Scottish firms continued to grow in November despite dwindling new business, creating jobs for the first time in four months and demonstrating their “resilience” compared with the rest of Britain.
The latest purchasing managers’ index (PMI) from Bank of Scotland, published today, pointed to a further mild expansion of Scottish private sector activity last month.
The survey posted a score of 51.1 for November, up slightly from October’s mark of 51, on a scale where 50 sits at the point between growth and recession. This latest monthly increase in private sector activity extended the current spell of growth to 11 months, with higher output registered by both manufacturers and services providers.
But the Bank of Scotland survey said output levels had increased through work to fill backlogs, while the amount of new business received by Scottish firms fell for the third consecutive month.
Donald MacRae, chief economist at Bank of Scotland, said the Scottish PMI was above both the UK and the eurozone levels, “showing the resilience of the Scottish economy”.
But he warned: “Both new orders and new export orders fell in the month, highlighting the challenge of maintaining growth in the face of the global slowdown.”
The drop in incoming new work was due to the manufacturing sector, which suffered from a decline in demand for Scotland’s goods.
The survey said backlogs of work reduced markedly, with outstanding business being cleared at a sharper rate than usual. This suggests Scottish manufacturing will not be able to continue growing for long unless it sees a pick‑up in orders.
A modest rise in service sector business wins softened the overall contraction in new work.
However, manufacturers still created jobs, taking on staff at a faster rate than their service sector counterparts.

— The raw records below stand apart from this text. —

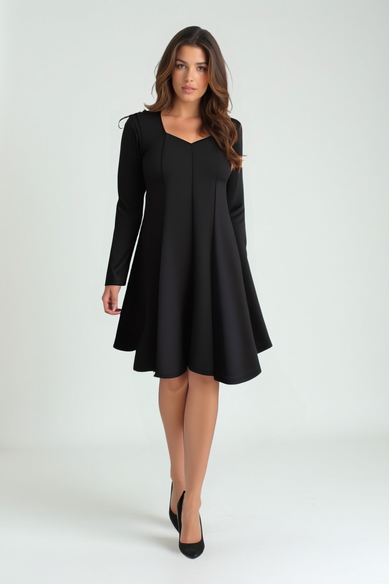 This flared dress in soft Milano knit combines timeless elegance with everyday comfort. Featuring a feminine peplum-inspired cut and V-neckline, it gently follows the body’s shape while providing excellent fit and freedom of movement. The elastic Milano fabric ensures structure and softness, making it ideal for elegant daytime looks or special events. A versatile and refined piece designed for the modern woman who values Italian quality and effortless style.
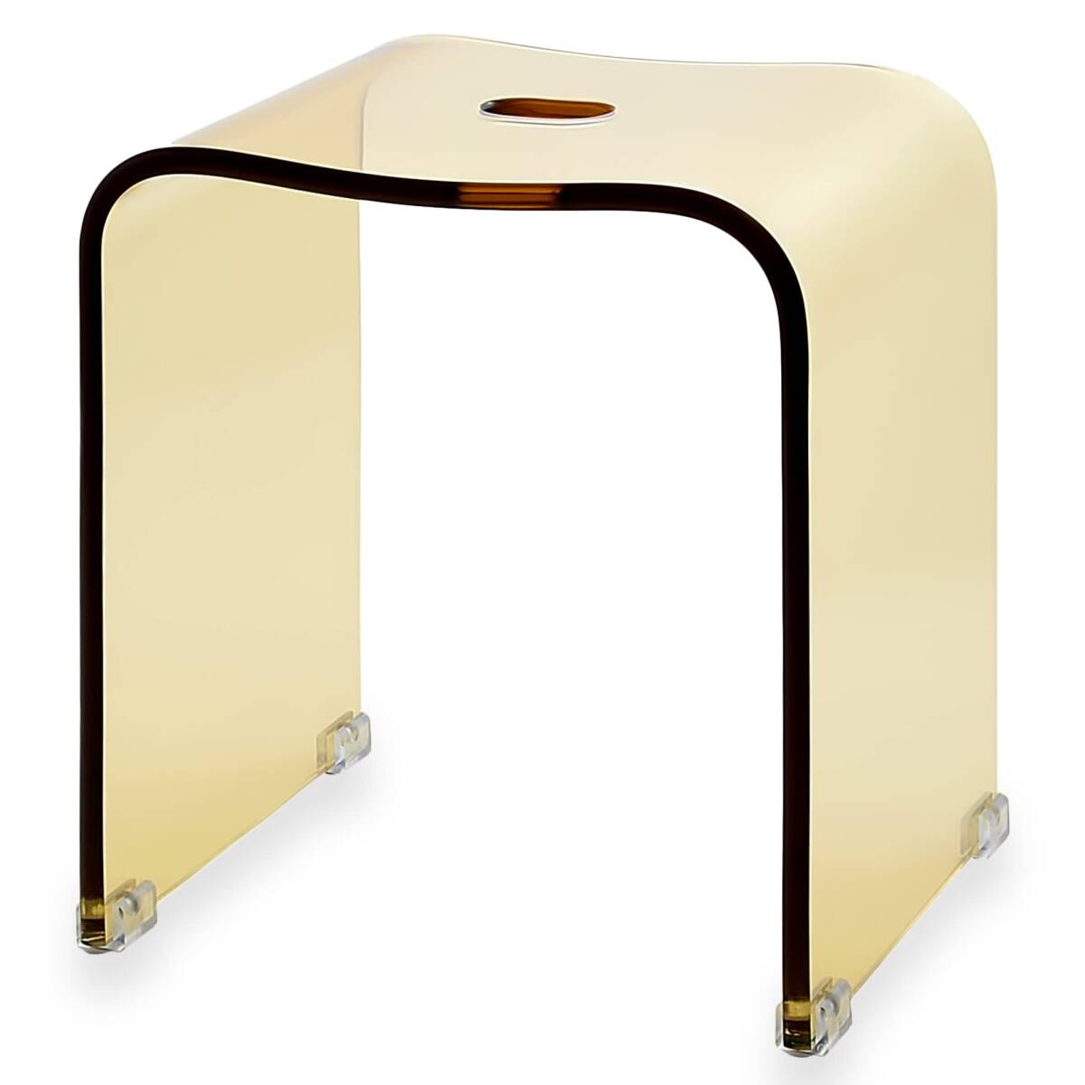 イスは、つなぎ目のまったくないアクリルの一枚板で作られています。厚みはしっかりと12ミリ。ゆったりした座面のカーブが快適な座り心地をお約束します。
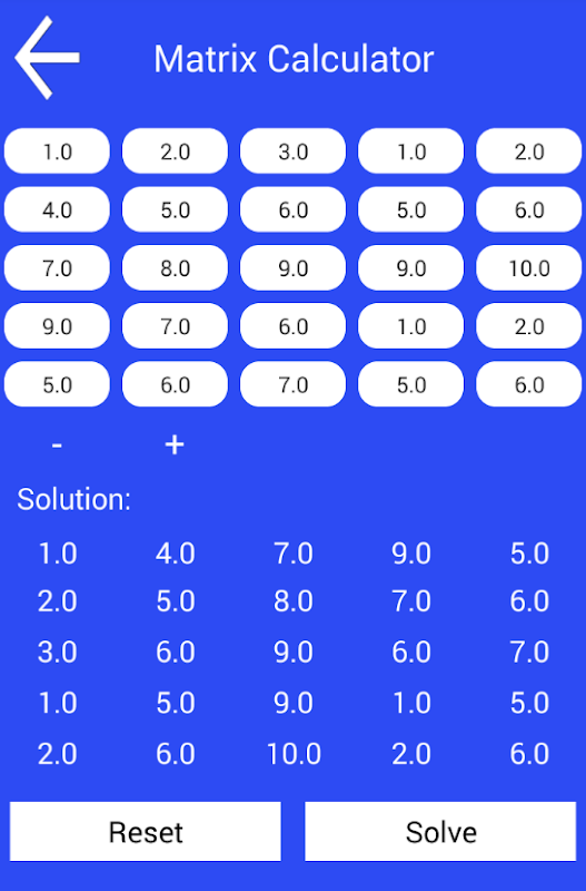 Matrix Calculator is a tool that makes working with matrix's easy. Simple select the matrix operation you want done, adjust the size of the matrix with the values you want, and press solve. Matrix Calculator will do all the calculations for you. In addition matrix calculator will remember your last calculation so you can come back to it between sessions.
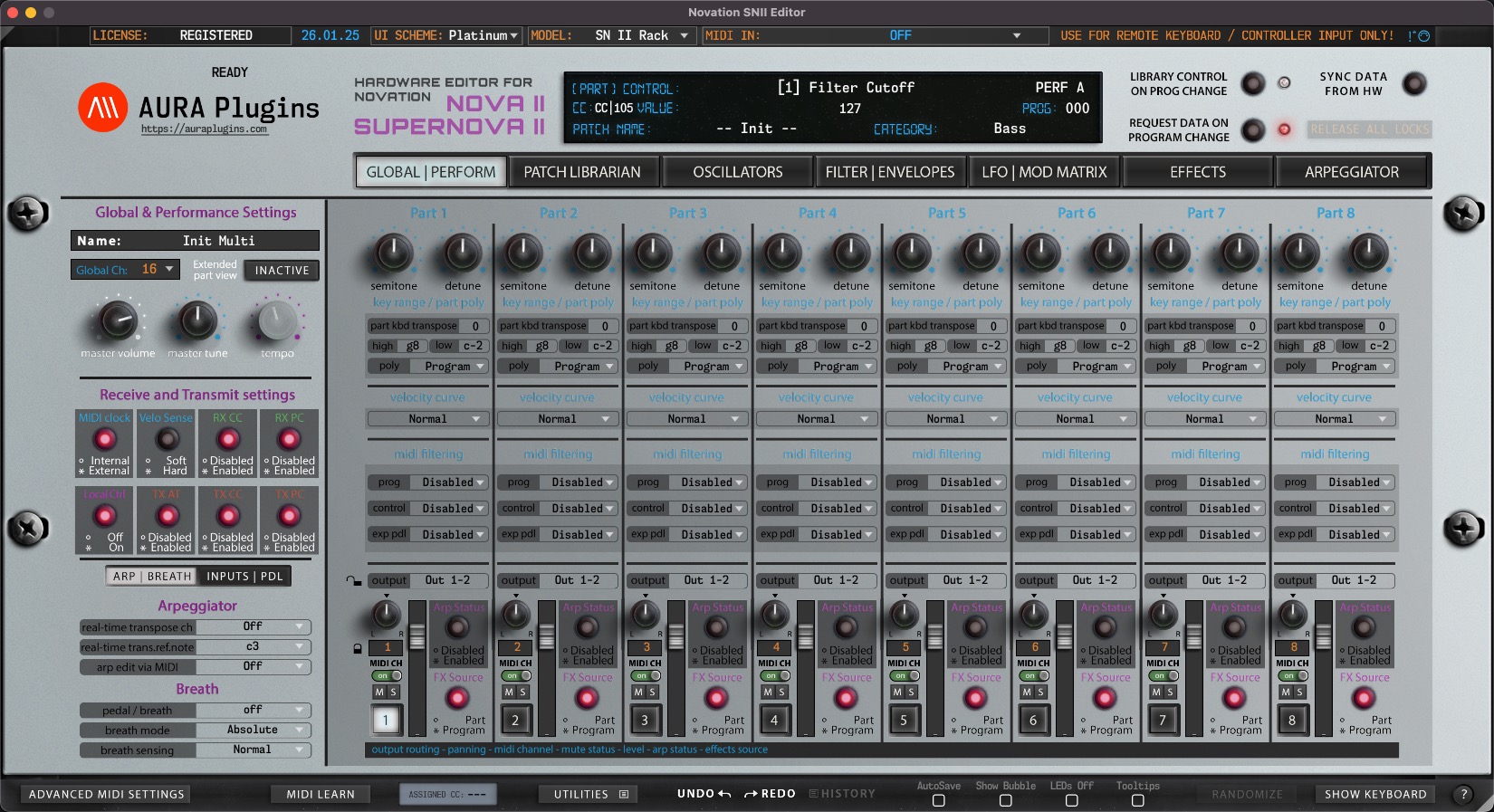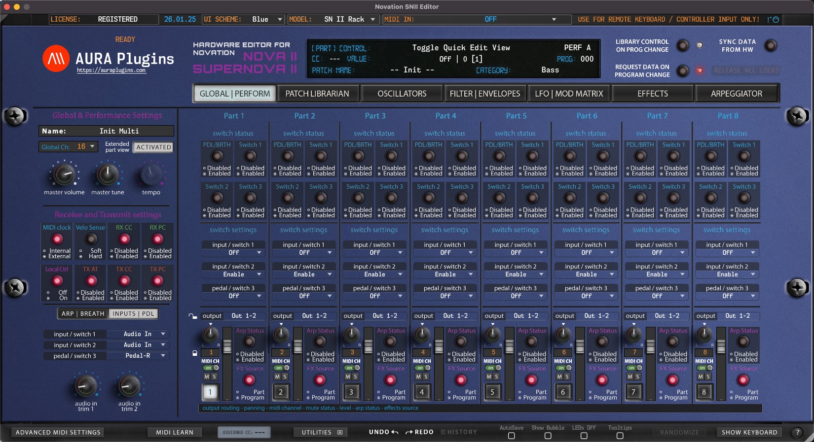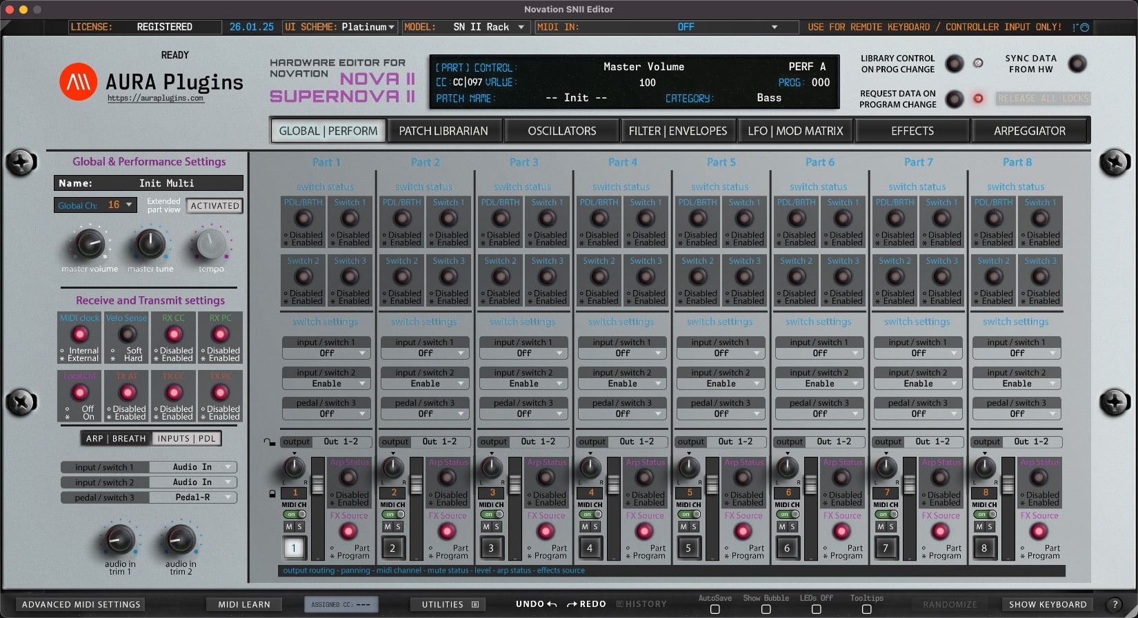 Novation SN II Editor comes with ability to control all 6 / 8 parts from the single plug-in instance. This means, you can have a different patches on different parts and play them at the same time, or individually.
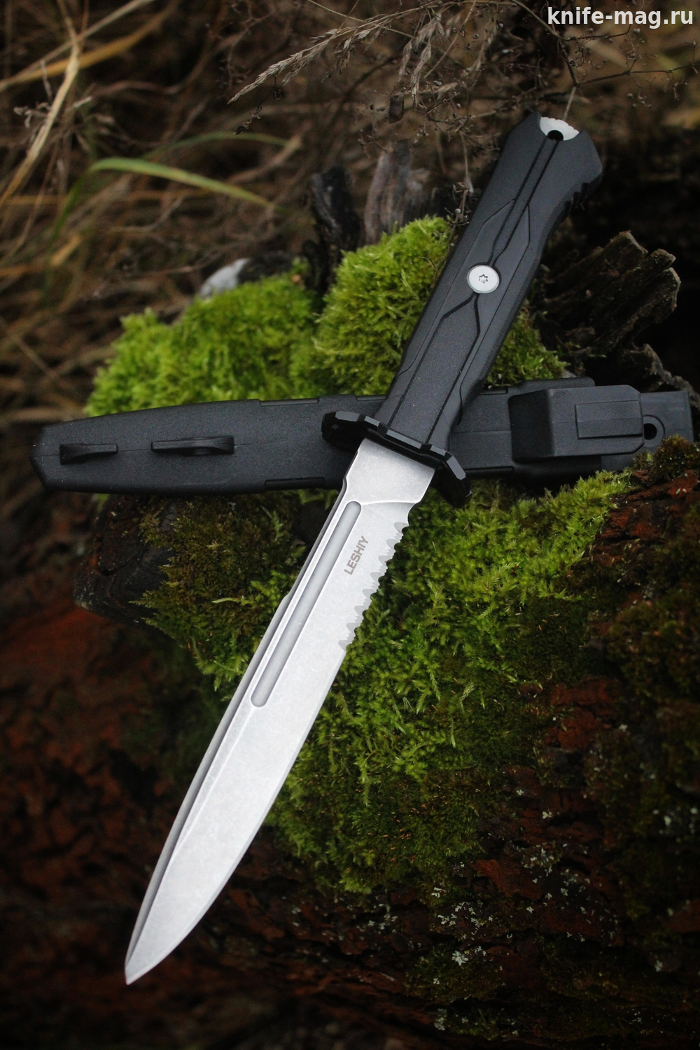 Рукоять «Лешего» отлита из эластрона, который зарекомендовал себя как прочный и надежный материал для военных и полевых ножей, полноценный широкий хвостовик проходит ее насквозь, выходя со стороны тыльника и образуя стеклобой. Широкая гарда обеспечивает надежное удержание при ударе в твердую преграду, даже в случае когда ладони пользователя влажные или липкие.
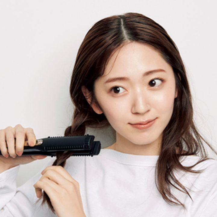 2.次に髪を二つに分けて、それぞれ三つ編みをします。その後、Bのストレートアイロンで三つ編みをプレスしていきます。
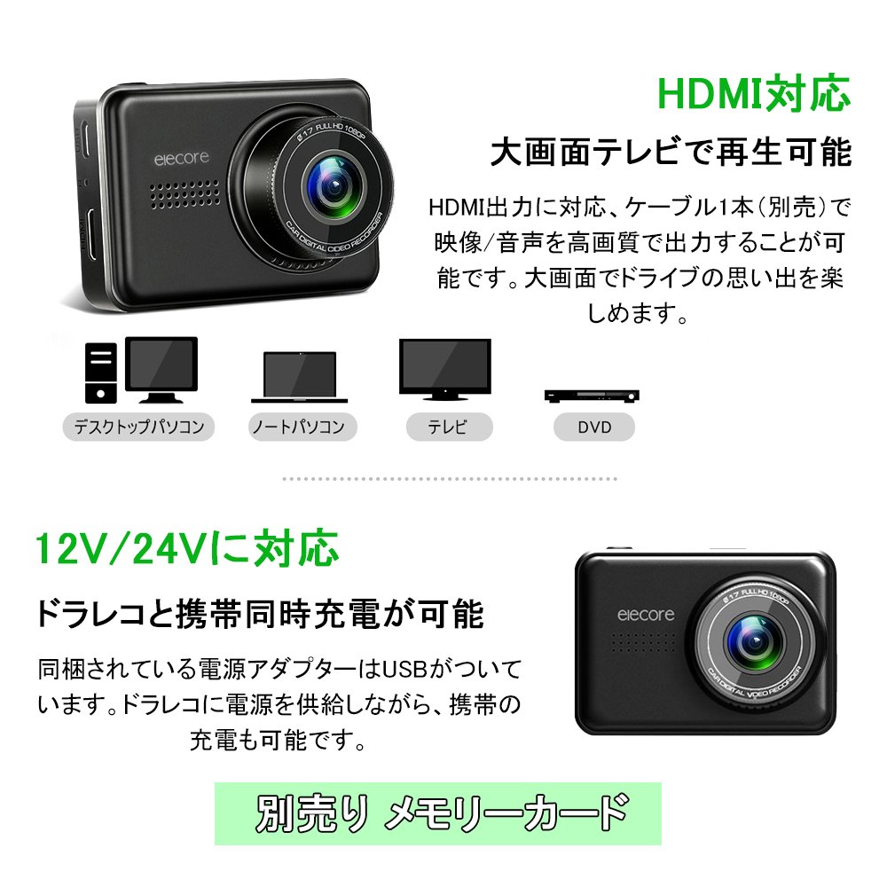 今はキャンペーン期間【1080P高画質】最先端?高感度SONY 323CMOSセンサー/6層ガラスレンズを採用して、140度A+等級高解像度広角レンズも搭載して、画面の歪みを抑えながらフルHD(1920x1080P)の高精細映像での録画が可能です。昼夜を問わず前車のナンバープレートなど細部の情報もより鮮明にはっきり記録できます。 【安定性?コスパに優れ】ドライブレコーダーの種類が多様化している現在で、シンプルなデザインを持ちながら高性能なドライブレコーダーのは希です。30fps録画に対応した、最新のNovatekチップ搭載しています。WIFI対応のモニターと比較してwifiの接続が切れる不安定な状況を心配なし!コンパクトながら高い機能性を持っているドライブレコーダーがこの価格ではお買い得です。 【基本機能も備える】ループ録画、G-センサー、WDR、エンジン連動、動体検知、駐車監視など、ドライブレコーダーとして備えるべき機能が揃えています。機能性には優れていて、大切な愛車を守ってあげます。純正ドライブレコーダーを大量仕入れたい皆さん、是非見逃さないでください。 【使い勝手が良い】多彩な機能を併せ持つなのに、操作ボタンの位置が分かりやすいため操作に難がないです。シガーソケットのUSBが2ポートついて、12V/24Vに対応しながら、ドライブレコーダーやスマホを同時に充電できます。操作画面も日本語に対応しています。初心者でも安心! 【コンパクト?永久保証】ルームミラーでドラレコがほぼ隠れてしまっていますので、視界の邪魔には全然なりません。コンパクトなのにいざという時威力抜群!保険紛争または法律上など有効な記録提供に役立ちます。本製品はご購入日より永久保証が付いています (本体のみ)。 中、間もなく元の値段に戻します。早い者勝ち!elecore ドライブレコーダー SONYセンサー 1200万画素
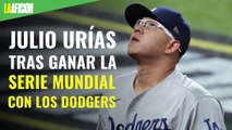 El festejo de Julio Urías tras ganar la Serie Mundial con los Dodgers
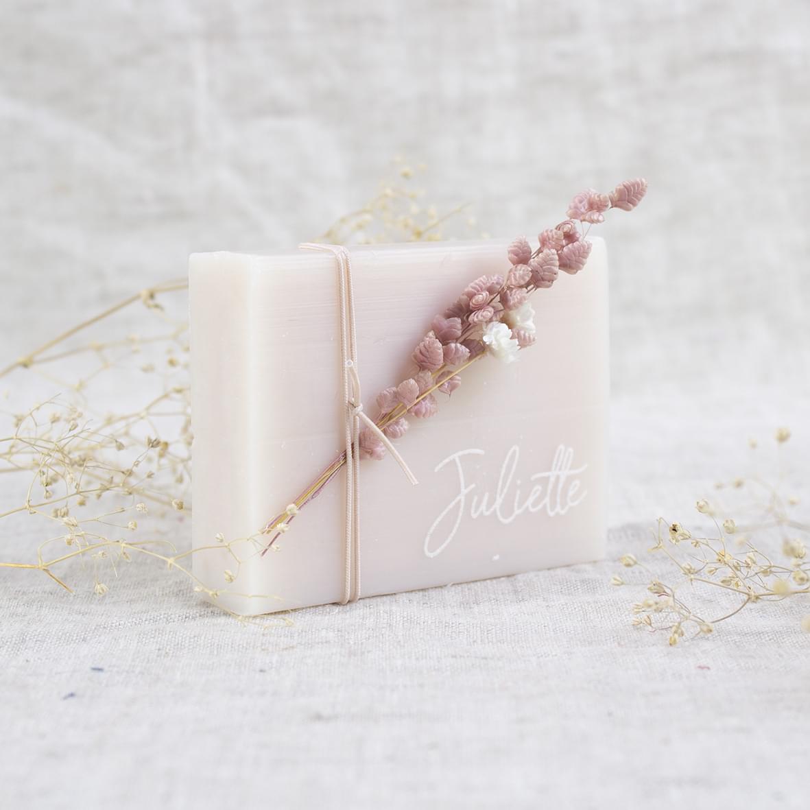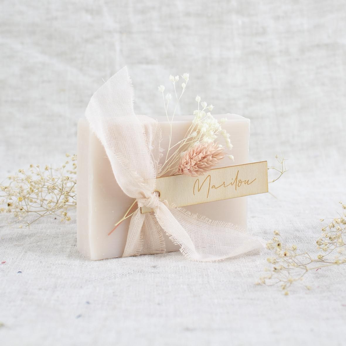 Werk af met een kalkpapier wikkel (apart bij te bestellen) om een vinyl sticker erop te kleven. Ga voor een houten label of laat het zeepje graveren
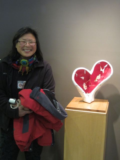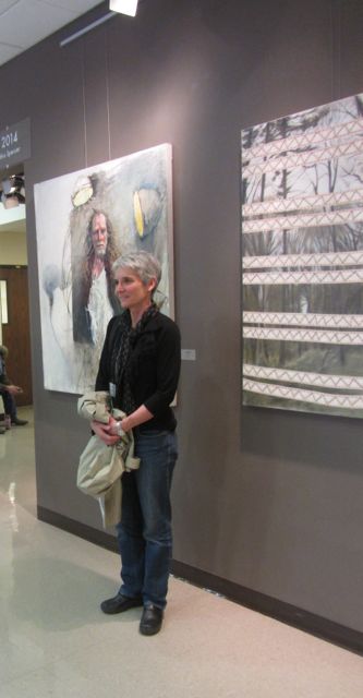 I went to Linn Benton Community College in Albany the other day to the opening of their annual invitational show. Each faculty member invites the artist of their choice to participate. Kristin Kuhns (Salem), William Park (Portland), and Cynthia Spencer (Corvallis) were all going to be there talking about their work…and I really like to hear artists talk about their work and their process. (The fourth person in the show, S Tellez, was out of town…). Left to right Bill Park, Kristin Kuhns, Cynthia Spencer:

The survey, carried out in conjunction with research firm Markit and based on feedback from 600 companies, coincides with the publication of a report by accountancy firm BDO which suggests that the UK as a whole faces a possible recession this winter.
BDO’s output index – which measures turnover expectations three months ahead – dropped to 92.5 in November, its lowest level since June 2009.
The index has remained below the crucial 95 mark that indicates negative growth since July 2011, suggesting that the UK economy could have already entered a period of contraction in the current quarter.
Forecasts for the first half of 2012 are equally gloomy.
BDO’s optimism index – which predicts business confidence in two quarters’ time and has been below 95 since September – saw a considerable drop, from 94.1 in October to 92.5 in November.
Neil Craig, managing partner for BDO in Glasgow, said uncertainty over the eurozone was “plaguing” confidence.
He said: “We believe it is imperative that the [UK] government adopt a more liberal approach to borrowing, enabling larger scale government investment in infrastructure.”
He suggested that housing projects in particular were “crying out” for government finance which would “throw a lifeline to the UK’s stuttering recovery”.